Failure to Maintain a Smoke-Free Environment for Resident
Penalty
Summary
The facility failed to ensure a safe environment free from accident hazards for Resident 26, who was observed smoking a cigarette in the facility parking lot despite the facility's policy of being a smoke and tobacco-free campus. Resident 26, who has chronic obstructive pulmonary disease and normal pressure hydrocephalus, was seen smoking next to an employee, indicating a lack of supervision and adherence to the facility's smoking policy. The resident's clinical records did not include a smoking evaluation for safety, nor was there a care plan addressing safety while smoking. Interviews revealed that Resident 26 kept cigarettes and a lighter in her room without a secure place to store them, posing a potential risk to other residents. The facility was aware of the resident's smoking habits and required her to leave the grounds to smoke, but employees were not permitted to assist her during work hours. This lack of a structured plan and supervision for Resident 26's smoking activities contributed to the deficiency in maintaining a hazard-free environment.
Plan Of Correction
Resident 26 will be evaluated for safety with smoking. She will be offered a lock box for her room to keep her cigarettes and lighter in. A care plan will be developed ensuring residents' safety while smoking. All residents requesting to smoke off facility property will have a safety evaluation completed. Storage will be provided for cigarettes and cigarette lighting devices. A care plan will be developed to ensure resident safety while smoking. Facility smoking policy has been updated to include resident assessment for safety with smoking, providing proper storage of cigarettes and cigarette lighting devices, and care plan development to ensure safety. All facility staff will be updated on the revised policy.

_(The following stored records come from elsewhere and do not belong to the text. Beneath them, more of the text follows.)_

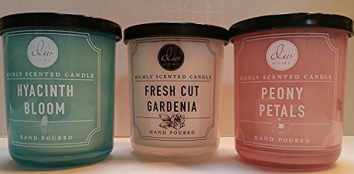 Variety Bundle of 3 DW Home Richly Scented Candles in Peony Petals,Fresh Cut Gardenia, and Hyacinth Bloom Scents. 4 oz each candle
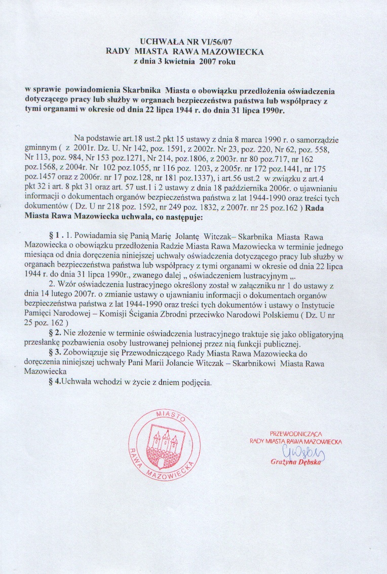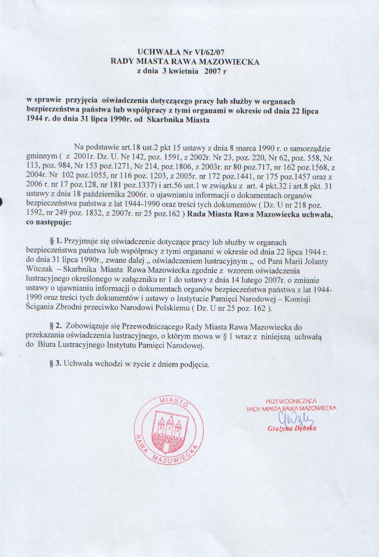 Uchwała nr VI/62/07z dnia 3 kwietnia 2007 r. w sprawie przyjęcia oświadczenia dotyczącego pracy lub służby w organach bezpieczeństwa państwa lub współpracy z tymi organami w okresie od dnia 22 lipca 1944 r. do dnia 31 lipca 1990r. od Skarbnika
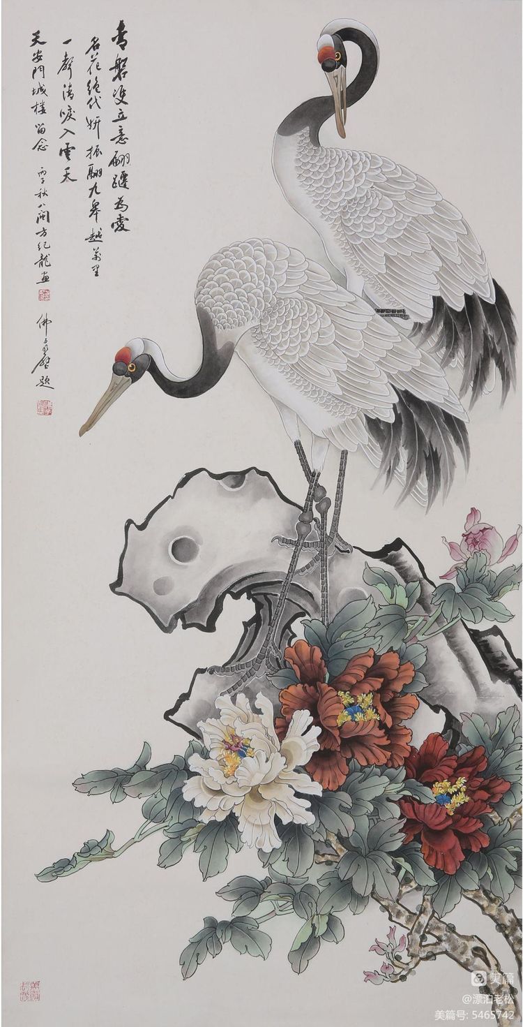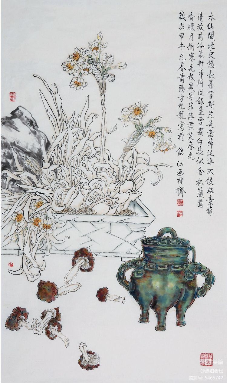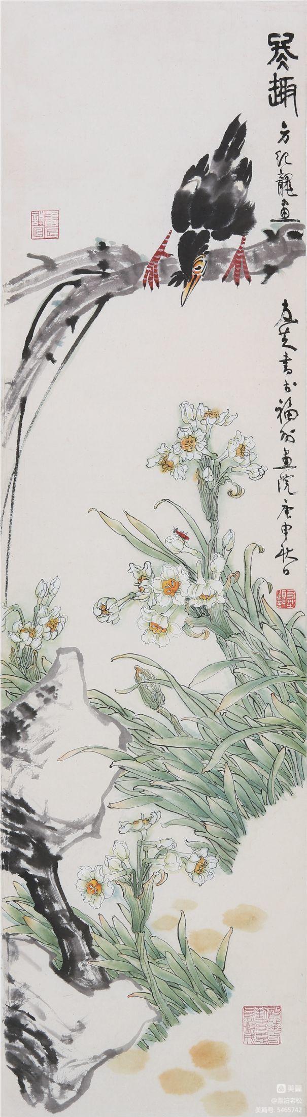 方紀(jì)龍對(duì)藝術(shù)技巧的態(tài)度是比較通達(dá)的,他并未在線描方面劃地為牢,他優(yōu)游于線描、敷彩以至意筆之間。在精嚴(yán)用線的節(jié)律之后,他時(shí)而輕松傳神地以意筆點(diǎn)睛般襯以鳥(niǎo)雀或湖石,別有一番磅礴瀟灑之氣。此時(shí)他并不考慮“純”的問(wèn)題,或許他想的只是完成一件藝術(shù)作品而不是制作白描畫(huà)稿。
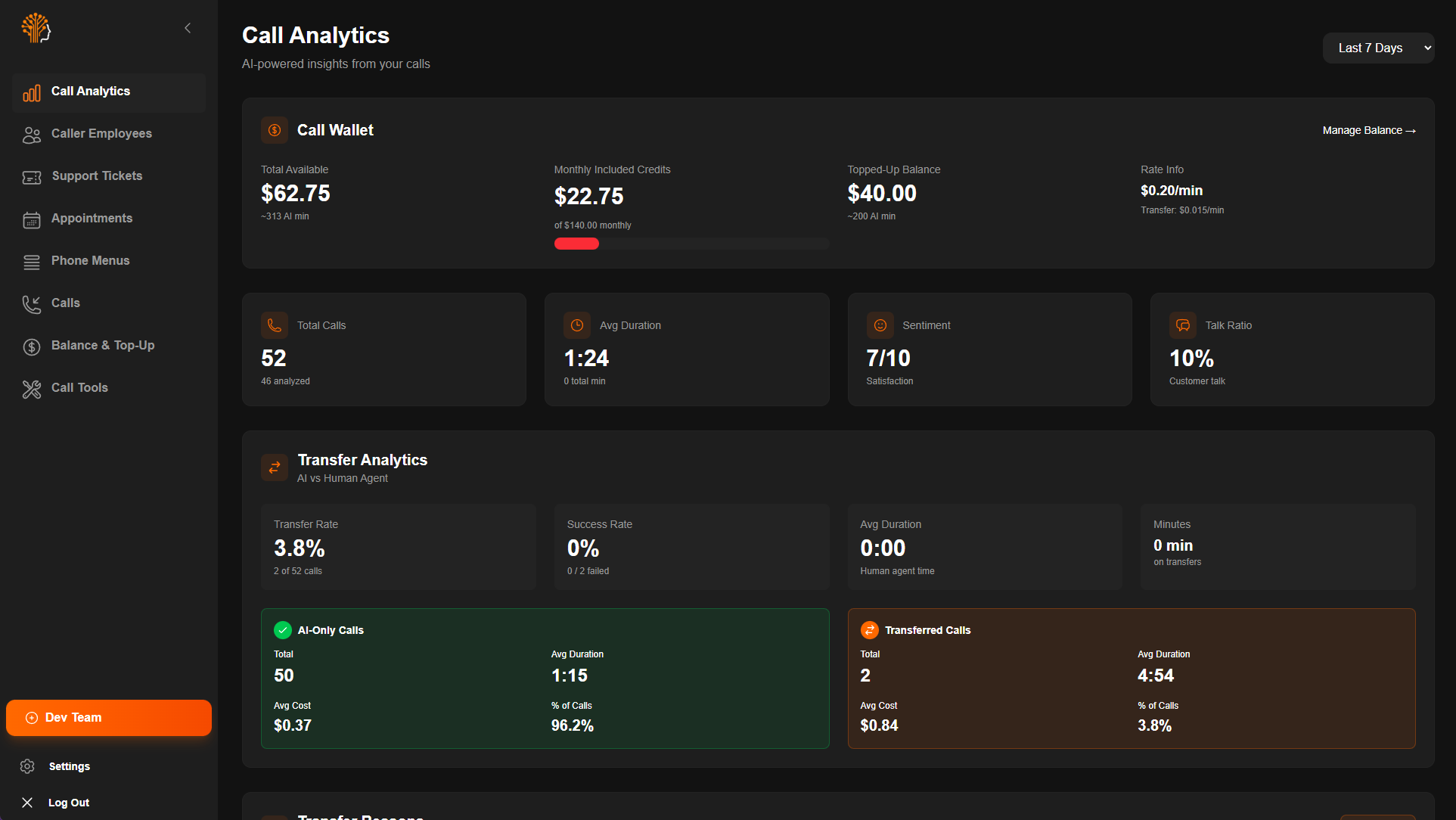 Track every metric that matters with comperhensive call analytics. Monitor total call volume, average duration, and custtomer sentiment in real time, while analyzing transfer rates between AI and human agents for optimization insights. view detailed cost breakdowns per call, measure success rates automatically, and identify performance patterns across your entire operation. Complete visibility into call performance, costs and customer satisfaction in one dashboard.

Staff will be educated that they are not permitted to assist residents with smoking while clocked in to work. A QA tool has been developed to review all residents that smoke weekly to ensure policy compliance. The Quality Assurance (QA) Coordinator or designee will complete the QA review on a weekly basis and re-educate staff not following policy and procedure. The QA Coordinator will review the completed QA tool monthly and will report any trends or patterns at the quarterly Interdisciplinary Quality Assurance and Quality Performance (QAPI) meeting. The QAPI Committee will review the reports at their quarterly meeting and make recommendations for any deficient patterns identified. They will continue to monitor quarterly until the solutions are sustained for a period of two quarters. Decreasing or elimination of this tool will occur only upon recommendation of the Interdisciplinary QAPI Committee at their quarterly meeting.